> [Record extracts]

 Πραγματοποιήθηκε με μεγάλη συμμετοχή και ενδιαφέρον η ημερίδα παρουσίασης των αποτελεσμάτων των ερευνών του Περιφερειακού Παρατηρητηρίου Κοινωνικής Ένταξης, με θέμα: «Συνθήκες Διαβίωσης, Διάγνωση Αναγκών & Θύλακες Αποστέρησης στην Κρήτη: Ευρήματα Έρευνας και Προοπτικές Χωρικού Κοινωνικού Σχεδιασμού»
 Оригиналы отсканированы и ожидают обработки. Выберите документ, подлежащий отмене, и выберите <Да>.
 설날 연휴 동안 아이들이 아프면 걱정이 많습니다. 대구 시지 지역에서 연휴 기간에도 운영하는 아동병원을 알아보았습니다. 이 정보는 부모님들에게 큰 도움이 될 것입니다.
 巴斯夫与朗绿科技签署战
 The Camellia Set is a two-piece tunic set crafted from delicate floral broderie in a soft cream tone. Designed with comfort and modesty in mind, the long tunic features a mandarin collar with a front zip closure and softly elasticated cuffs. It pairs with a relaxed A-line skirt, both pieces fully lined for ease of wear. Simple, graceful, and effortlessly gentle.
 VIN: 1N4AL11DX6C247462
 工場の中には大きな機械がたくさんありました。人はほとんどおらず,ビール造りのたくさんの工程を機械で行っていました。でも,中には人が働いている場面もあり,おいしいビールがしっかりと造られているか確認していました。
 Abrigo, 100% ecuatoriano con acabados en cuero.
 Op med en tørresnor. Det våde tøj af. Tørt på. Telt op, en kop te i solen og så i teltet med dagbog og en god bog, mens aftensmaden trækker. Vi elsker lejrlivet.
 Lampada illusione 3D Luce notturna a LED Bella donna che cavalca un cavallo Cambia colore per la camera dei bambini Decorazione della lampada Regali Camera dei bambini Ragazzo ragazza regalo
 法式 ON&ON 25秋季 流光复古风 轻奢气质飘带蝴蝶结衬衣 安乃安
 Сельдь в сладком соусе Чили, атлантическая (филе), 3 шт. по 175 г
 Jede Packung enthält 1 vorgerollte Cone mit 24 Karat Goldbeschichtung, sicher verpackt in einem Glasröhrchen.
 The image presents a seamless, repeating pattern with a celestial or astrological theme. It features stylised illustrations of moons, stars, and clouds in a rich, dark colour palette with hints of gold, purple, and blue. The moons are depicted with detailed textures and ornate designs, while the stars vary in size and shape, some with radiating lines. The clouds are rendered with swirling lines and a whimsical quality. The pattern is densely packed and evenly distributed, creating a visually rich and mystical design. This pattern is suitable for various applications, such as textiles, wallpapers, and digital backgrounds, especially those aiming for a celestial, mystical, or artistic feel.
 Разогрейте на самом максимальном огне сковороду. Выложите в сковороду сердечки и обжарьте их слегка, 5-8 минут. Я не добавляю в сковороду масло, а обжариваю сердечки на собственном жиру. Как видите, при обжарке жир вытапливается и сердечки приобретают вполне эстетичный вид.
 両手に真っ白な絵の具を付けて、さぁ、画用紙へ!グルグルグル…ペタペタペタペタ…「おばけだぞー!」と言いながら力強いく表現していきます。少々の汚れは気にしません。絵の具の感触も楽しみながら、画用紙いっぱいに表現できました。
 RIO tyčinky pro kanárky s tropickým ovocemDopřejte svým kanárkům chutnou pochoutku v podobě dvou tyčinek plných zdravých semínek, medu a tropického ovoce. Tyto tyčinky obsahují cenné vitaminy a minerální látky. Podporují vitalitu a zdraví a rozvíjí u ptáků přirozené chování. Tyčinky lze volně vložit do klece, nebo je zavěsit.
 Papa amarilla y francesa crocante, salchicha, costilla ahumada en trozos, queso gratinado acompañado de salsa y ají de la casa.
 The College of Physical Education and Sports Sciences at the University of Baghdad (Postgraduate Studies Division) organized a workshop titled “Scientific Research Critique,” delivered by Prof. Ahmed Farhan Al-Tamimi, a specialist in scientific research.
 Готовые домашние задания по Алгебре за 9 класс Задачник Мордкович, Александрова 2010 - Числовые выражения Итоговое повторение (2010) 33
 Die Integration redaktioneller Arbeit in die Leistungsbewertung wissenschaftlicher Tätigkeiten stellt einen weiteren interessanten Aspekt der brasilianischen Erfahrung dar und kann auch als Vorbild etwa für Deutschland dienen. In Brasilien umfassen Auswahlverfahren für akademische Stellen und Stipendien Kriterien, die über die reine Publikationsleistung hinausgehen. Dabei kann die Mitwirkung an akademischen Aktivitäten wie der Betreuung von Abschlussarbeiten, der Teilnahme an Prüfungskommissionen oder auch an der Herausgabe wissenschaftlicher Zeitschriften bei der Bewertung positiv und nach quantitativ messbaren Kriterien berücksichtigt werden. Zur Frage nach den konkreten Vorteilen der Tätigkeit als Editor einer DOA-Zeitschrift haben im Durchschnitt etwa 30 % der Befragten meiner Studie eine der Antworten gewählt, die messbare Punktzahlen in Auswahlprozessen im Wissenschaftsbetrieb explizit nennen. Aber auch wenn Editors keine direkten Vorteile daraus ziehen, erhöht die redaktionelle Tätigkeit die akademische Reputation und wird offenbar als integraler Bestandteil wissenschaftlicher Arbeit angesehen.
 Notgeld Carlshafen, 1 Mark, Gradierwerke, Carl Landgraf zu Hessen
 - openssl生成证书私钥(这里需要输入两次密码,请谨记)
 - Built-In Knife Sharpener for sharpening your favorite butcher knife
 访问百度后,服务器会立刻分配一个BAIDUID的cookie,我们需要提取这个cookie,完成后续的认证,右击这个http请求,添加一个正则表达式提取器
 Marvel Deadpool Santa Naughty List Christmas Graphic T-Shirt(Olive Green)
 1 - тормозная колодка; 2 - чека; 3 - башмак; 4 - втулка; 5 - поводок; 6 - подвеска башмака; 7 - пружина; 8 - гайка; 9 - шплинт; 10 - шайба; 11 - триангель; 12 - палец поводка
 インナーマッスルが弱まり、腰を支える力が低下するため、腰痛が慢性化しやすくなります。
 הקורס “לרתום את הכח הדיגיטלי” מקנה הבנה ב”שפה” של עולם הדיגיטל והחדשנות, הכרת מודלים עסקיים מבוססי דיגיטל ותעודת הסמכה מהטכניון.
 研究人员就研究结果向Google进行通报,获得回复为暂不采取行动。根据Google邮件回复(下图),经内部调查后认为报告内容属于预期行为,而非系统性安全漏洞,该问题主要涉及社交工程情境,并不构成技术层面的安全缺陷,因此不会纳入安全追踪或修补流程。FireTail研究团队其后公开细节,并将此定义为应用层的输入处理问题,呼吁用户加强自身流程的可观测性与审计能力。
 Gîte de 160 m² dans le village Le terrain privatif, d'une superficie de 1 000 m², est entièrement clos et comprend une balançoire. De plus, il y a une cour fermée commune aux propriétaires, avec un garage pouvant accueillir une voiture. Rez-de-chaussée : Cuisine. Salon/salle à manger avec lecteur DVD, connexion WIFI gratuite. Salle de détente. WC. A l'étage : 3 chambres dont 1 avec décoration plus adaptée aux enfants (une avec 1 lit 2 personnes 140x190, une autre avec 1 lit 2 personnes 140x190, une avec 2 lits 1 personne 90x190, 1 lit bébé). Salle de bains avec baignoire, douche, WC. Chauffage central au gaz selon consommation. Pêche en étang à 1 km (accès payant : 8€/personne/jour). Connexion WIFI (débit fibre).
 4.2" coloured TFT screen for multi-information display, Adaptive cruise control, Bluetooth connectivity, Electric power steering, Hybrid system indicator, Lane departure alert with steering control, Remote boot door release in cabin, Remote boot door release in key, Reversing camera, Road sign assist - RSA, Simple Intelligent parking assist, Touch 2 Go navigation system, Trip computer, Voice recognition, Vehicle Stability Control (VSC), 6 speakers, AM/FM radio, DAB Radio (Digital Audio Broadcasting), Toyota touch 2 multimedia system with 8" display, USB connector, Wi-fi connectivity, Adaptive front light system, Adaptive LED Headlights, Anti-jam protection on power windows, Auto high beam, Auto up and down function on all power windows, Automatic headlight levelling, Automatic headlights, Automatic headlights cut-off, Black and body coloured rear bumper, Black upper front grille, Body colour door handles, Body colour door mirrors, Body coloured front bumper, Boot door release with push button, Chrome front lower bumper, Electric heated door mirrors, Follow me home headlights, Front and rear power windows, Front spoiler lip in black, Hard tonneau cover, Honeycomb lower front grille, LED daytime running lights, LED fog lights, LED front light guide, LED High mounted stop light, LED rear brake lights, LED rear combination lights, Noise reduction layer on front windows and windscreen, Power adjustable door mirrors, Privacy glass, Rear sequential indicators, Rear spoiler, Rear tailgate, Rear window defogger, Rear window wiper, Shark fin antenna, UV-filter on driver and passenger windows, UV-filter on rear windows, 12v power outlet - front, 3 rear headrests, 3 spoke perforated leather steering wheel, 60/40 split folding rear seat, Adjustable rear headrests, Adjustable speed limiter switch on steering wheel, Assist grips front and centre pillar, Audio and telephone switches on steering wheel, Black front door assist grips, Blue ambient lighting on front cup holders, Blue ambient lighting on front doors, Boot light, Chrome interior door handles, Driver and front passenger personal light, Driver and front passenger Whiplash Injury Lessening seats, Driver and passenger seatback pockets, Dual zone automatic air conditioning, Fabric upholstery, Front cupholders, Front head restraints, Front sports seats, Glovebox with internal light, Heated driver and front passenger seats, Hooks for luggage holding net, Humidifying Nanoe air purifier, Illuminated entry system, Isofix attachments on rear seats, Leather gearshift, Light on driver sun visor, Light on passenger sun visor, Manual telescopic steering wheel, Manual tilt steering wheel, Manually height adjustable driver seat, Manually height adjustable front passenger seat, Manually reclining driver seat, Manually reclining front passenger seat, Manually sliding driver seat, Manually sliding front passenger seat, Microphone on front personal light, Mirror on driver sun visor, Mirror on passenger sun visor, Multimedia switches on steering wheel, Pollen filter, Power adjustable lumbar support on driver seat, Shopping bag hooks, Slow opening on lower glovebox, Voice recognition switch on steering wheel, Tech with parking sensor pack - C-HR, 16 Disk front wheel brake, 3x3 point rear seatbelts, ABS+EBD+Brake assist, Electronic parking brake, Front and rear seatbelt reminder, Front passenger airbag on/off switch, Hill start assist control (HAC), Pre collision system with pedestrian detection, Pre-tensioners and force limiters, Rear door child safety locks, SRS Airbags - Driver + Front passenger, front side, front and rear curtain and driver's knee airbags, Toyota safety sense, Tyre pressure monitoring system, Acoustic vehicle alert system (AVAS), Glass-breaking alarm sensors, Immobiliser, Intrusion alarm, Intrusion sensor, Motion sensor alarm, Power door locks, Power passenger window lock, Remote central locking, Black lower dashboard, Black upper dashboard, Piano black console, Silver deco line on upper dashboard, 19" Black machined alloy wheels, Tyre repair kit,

> [Work required]
When you reach the line holding "巴斯夫与朗绿科技签署战" in the records above, begin reproducing exactly, stop after the line holding "Jede Packung enthält", and output nothing else.

> [Output]
 巴斯夫与朗绿科技签署战
 The Camellia Set is a two-piece tunic set crafted from delicate floral broderie in a soft cream tone. Designed with comfort and modesty in mind, the long tunic features a mandarin collar with a front zip closure and softly elasticated cuffs. It pairs with a relaxed A-line skirt, both pieces fully lined for ease of wear. Simple, graceful, and effortlessly gentle.
 VIN: 1N4AL11DX6C247462
 工場の中には大きな機械がたくさんありました。人はほとんどおらず,ビール造りのたくさんの工程を機械で行っていました。でも,中には人が働いている場面もあり,おいしいビールがしっかりと造られているか確認していました。
 Abrigo, 100% ecuatoriano con acabados en cuero.
 Op med en tørresnor. Det våde tøj af. Tørt på. Telt op, en kop te i solen og så i teltet med dagbog og en god bog, mens aftensmaden trækker. Vi elsker lejrlivet.
 Lampada illusione 3D Luce notturna a LED Bella donna che cavalca un cavallo Cambia colore per la camera dei bambini Decorazione della lampada Regali Camera dei bambini Ragazzo ragazza regalo
 法式 ON&ON 25秋季 流光复古风 轻奢气质飘带蝴蝶结衬衣 安乃安
 Сельдь в сладком соусе Чили, атлантическая (филе), 3 шт. по 175 г
 Jede Packung enthält 1 vorgerollte Cone mit 24 Karat Goldbeschichtung, sicher verpackt in einem Glasröhrchen.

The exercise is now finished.